“You’re leaving me.” The words sound foreign coming out of my mouth. They sound wrong. He’s not my real husband and I don’t want anything to do with him…
But he’s all I have.
Without him, without anything of my own, I’m at the mercy of my mother. I picture myself packing up a suitcase and being hauled over to my old house (I don’t imagine I’ll be allowed to keep my car). Trudging up the steps of my old home, pushing open the squeaky door of my old bedroom, and being stuck there. Helpless. Even more helpless than I am here, and surrounded by everything that makes me feel sick.
I hear a wheezing noise, and it takes a minute to realize it’s coming from me. I can’t breathe. My chest feels thick, closing in more by the second, and I’m sick to my stomach.

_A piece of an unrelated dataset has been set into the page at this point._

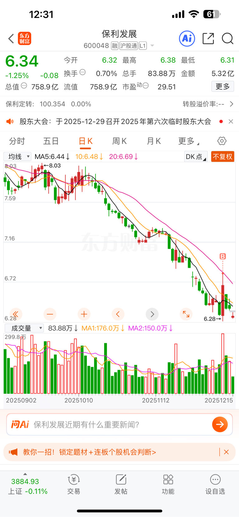 $保利发展(SH600048)$ 买在最高点,放我出去吧!

I try to breathe but I’ve waited too late and I’m panicking.
Paul mutters a curse and sits on the edge of the bed, but he doesn’t know what to do.
“I can’t,” I gasp out, desperation clawing at my insides and seeping out of my goddamn eyeballs. Years of concealing my fear and
this, this is the moment I lose control. When the motherfucker kicks me out.
Unsure whether I’m saying I can’t, as in I can’t breathe, or objecting to moving back in with my awful mother and the suffocating feelings my childhood home stirs in me, Paul stands, paces, grabs his cell phone like he’s going to call someone, but then looks to me for direction.
Goddammit, he’s never been good in a crisis.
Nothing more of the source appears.